**Data below**.
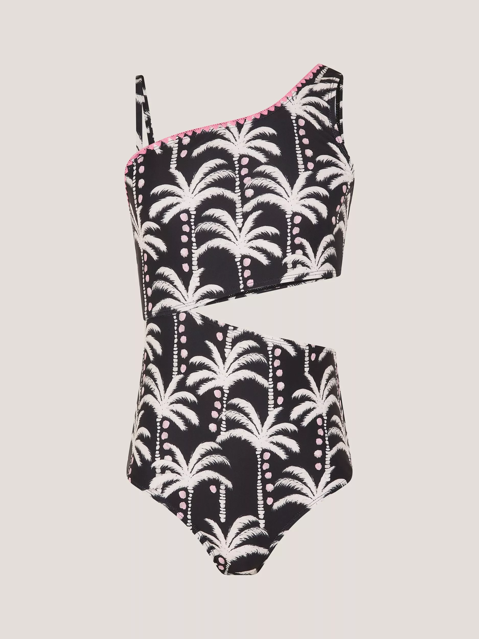 This asymmetric neck swimsuit combines striking embroidered details with a supportive fit, inviting everyone to embrace comfort and confidence whether by the pool or at the beach.
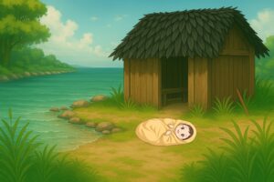やがて臨月を迎え、「天の神の御子を海中で産むべきではない」と考え、海を越えて地上へとやって来ました。
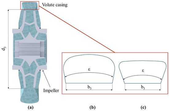 (a) Placement of the investigated geometric parameters of the volute casings; example view (b) circular and (c) trapezoidal shape of the cross-section of the volute casings.

**What you have to do**.
Reproduce the full listing above verbatim, with no pictures included.

**Solution for this problem**.
 This asymmetric neck swimsuit combines striking embroidered details with a supportive fit, inviting everyone to embrace comfort and confidence whether by the pool or at the beach.
やがて臨月を迎え、「天の神の御子を海中で産むべきではない」と考え、海を越えて地上へとやって来ました。
 (a) Placement of the investigated geometric parameters of the volute casings; example view (b) circular and (c) trapezoidal shape of the cross-section of the volute casings.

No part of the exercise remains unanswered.